Your objective: Please print the entries below exactly, from the line with "上海新国际博览中心 Shanghai New" through the line with "The whole SNIEC", including both of those lines and leaving out all others.

Dataset content:

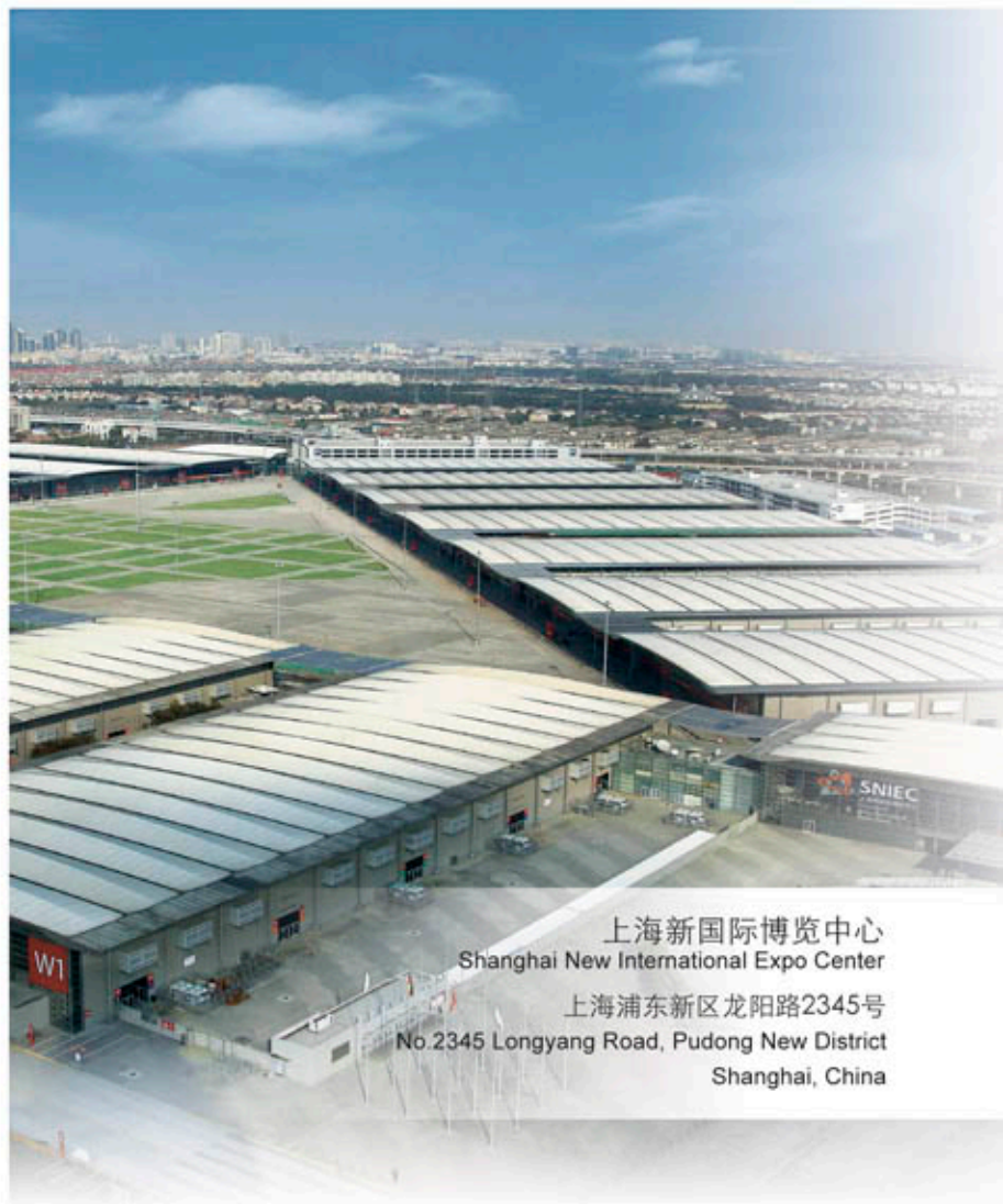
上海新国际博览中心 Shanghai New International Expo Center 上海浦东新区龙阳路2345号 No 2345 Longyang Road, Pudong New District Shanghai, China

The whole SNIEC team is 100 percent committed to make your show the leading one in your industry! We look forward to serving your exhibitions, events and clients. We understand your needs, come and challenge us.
...
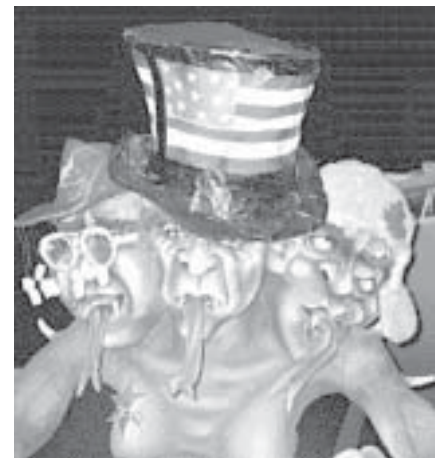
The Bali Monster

Result for this task:
上海新国际博览中心 Shanghai New International Expo Center 上海浦东新区龙阳路2345号 No 2345 Longyang Road, Pudong New District Shanghai, China

The whole SNIEC team is 100 percent committed to make your show the leading one in your industry! We look forward to serving your exhibitions, events and clients. We understand your needs, come and challenge us.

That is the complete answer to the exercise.